§ Exercise directions: In your copy, include every line of the listing below exactly but none of the pictures.

======== Available data ========

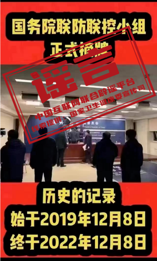 12月8日,网传“国务院联防联控小组正式摘牌!”,称“历史的记录,始于2019年12月8日,终于2022年12月8日”,煞有其事的谣言以讹传讹,引发“国家疫控政策重新调整”“联防联控小组解散了,意味着疫情结束了”等种种臆测。
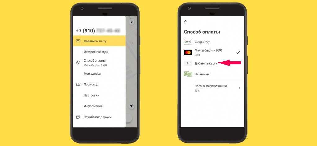 Чтобы пользоваться способом оплаты Яндекс Такси банковской картой, необходимо привязать ее в мобильном приложении:
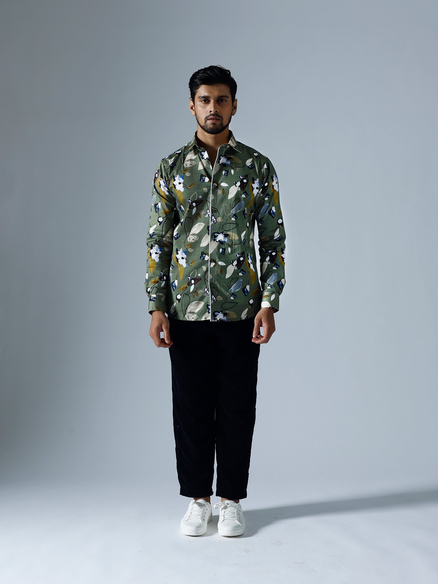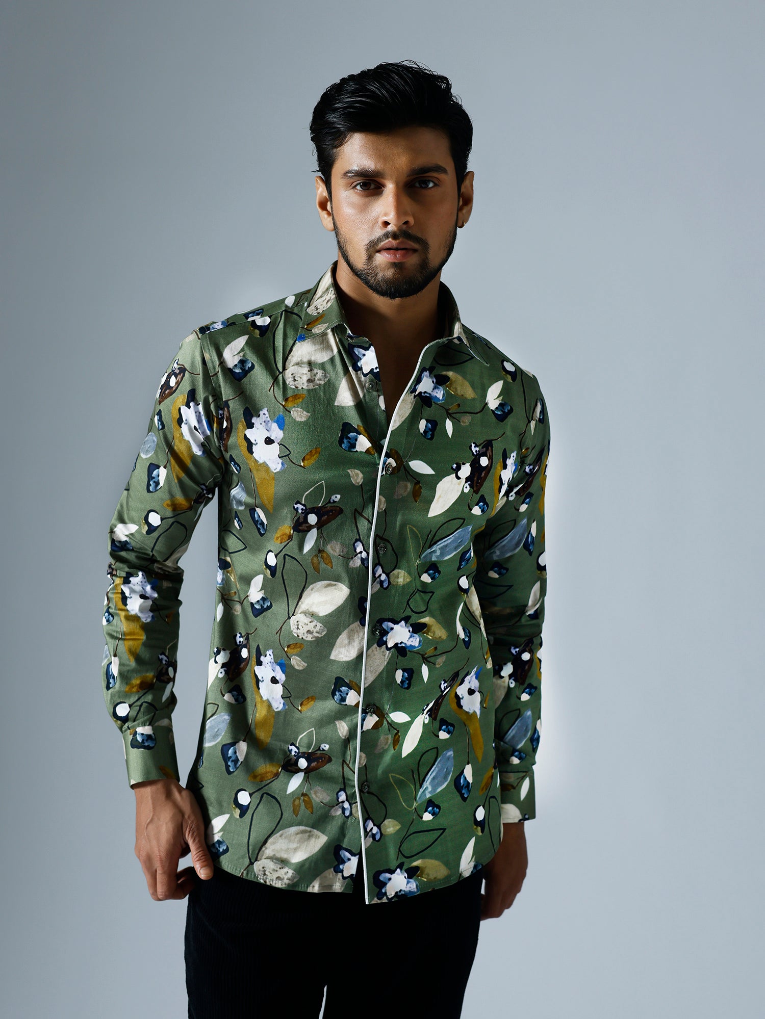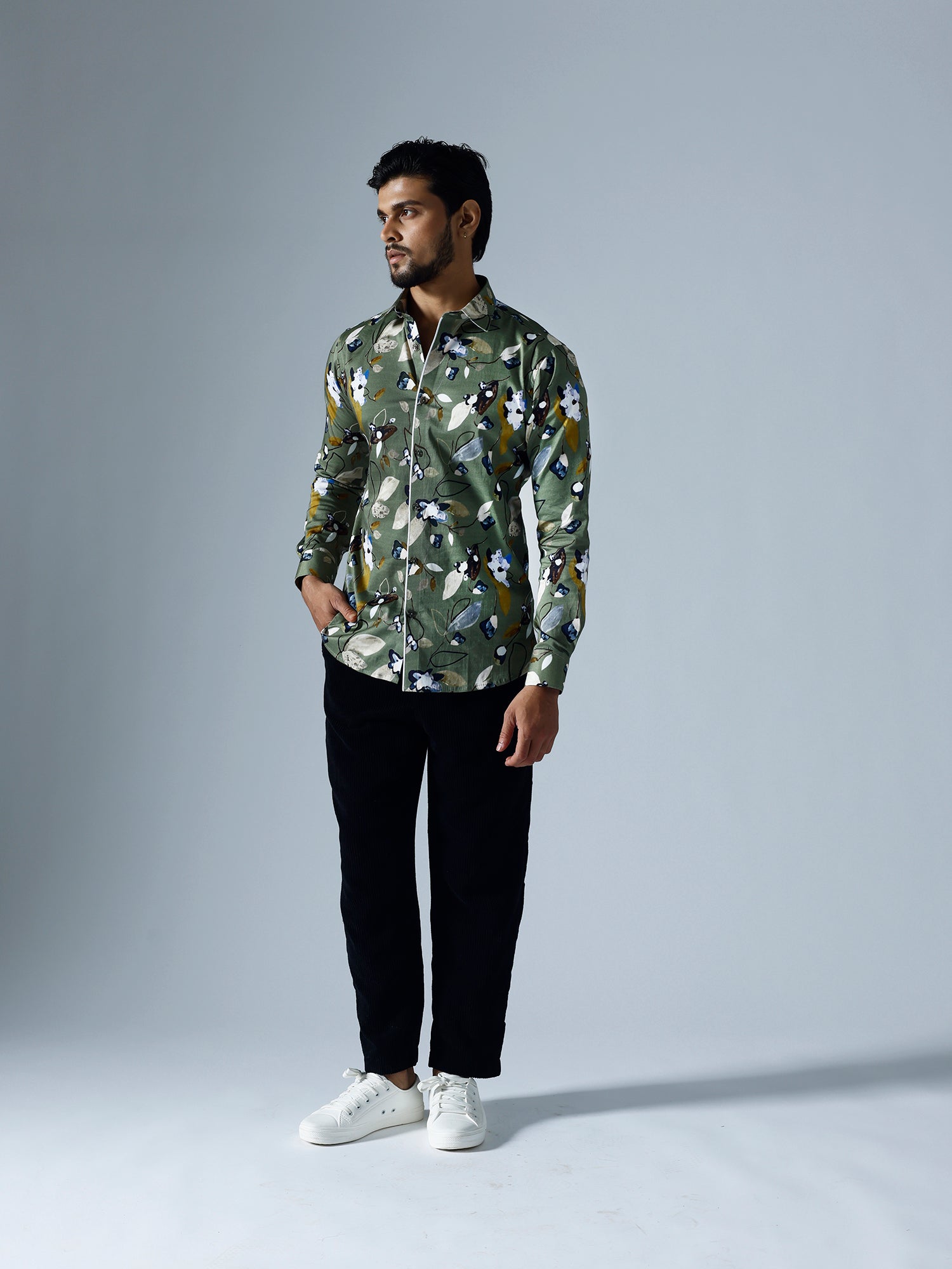 Printed Full sleeve Shirt with button up cuff and a smart white highlighted design feature at the button up panel in the front.

========

§ Response to this task:
 12月8日,网传“国务院联防联控小组正式摘牌!”,称“历史的记录,始于2019年12月8日,终于2022年12月8日”,煞有其事的谣言以讹传讹,引发“国家疫控政策重新调整”“联防联控小组解散了,意味着疫情结束了”等种种臆测。
 Чтобы пользоваться способом оплаты Яндекс Такси банковской картой, необходимо привязать ее в мобильном приложении:
 Printed Full sleeve Shirt with button up cuff and a smart white highlighted design feature at the button up panel in the front.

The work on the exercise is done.